Pre-Takedown: Tales From Beyond The Stoma

by on Saturday, July 11, 2009 14:26
This entry is filed under: positive thinking

Hey there. Hi. I’m Brevin and I’m about to blow your mind with this post, a roller-coaster ride of emotions and plot twists all involving the mystery of a missing colon. Mine! And now that I over-hyped it, be ready for a let-down. This Monday, the 13th, I’m going in for takedown, the surgery where they remove the temporary ileostomy and connect the plumbing back to the J-Pouch. I went in for a weird enema/x-ray hybrid as part of the pre-op so they can check if the J-Pouch has any leaks. The procedure wasn’t so bad, but of course the attractive radiologist just happened to be working that day. Nothing impresses a lady like softly weeping while they shove an inflatable contrast tube up your bare bum like it’s Balloon Animals 101 at a Clown College in Brevinville.
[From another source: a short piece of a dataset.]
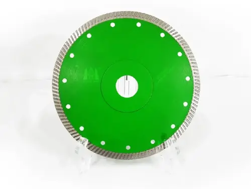 A thin-kerf disc is the preferred choice for high-density, brittle materials like porcelain, sintered stone, and vitrified tiles, as it minimizes the risk of chipping.
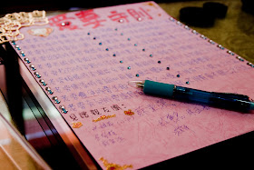 要配戴的金飾與喜帖,右邊是大餅亮做的愛情證書,大家都說大餅亮做的很好看,當然要幫他留戀一張

My pride aside, the enema/x-ray thing had great news: No leaks. It’s surgery time.

Left: Hey, the J-Pouch is "J" shaped! Right: The red line is close to where everything is now connected. If I had a leak, the white contrast would be spilling out

Left: Hey, the J-Pouch is "J" shaped! Right: The red line is close to where everything is now connected. If I had a leak, the white contrast would be spilling out

Yeah apparently time flies, because it’s time to retire Stomie “Squirt” Stoma, PI from his day job as a wannabe Private Investigator, not to mention from his moonlighting gig as a temp loop ileostomy. His contract with the temp agency just ended. Check out what I learned from hanging out with Squirt, PI:
#1: Marshmallows are both lifesavers and delicious. Fellow J-Pouch site contributor Jamie once told me “Brevin, that’s illegal and I recommend you don’t ever bring that up again.” She also then told me that eating marshmallows before a bag change is a great, tasty way of preventing an active stoma. I don’t know the exact edible science behind this, but it slows down your digestive system and makes the bag change routine a lot less messy and complicated. So far this has worked wonders for me. The moral of the story is that marshmallows are awesome and the Ghostbusters are jerks for killing that big innocent marshmallow dude.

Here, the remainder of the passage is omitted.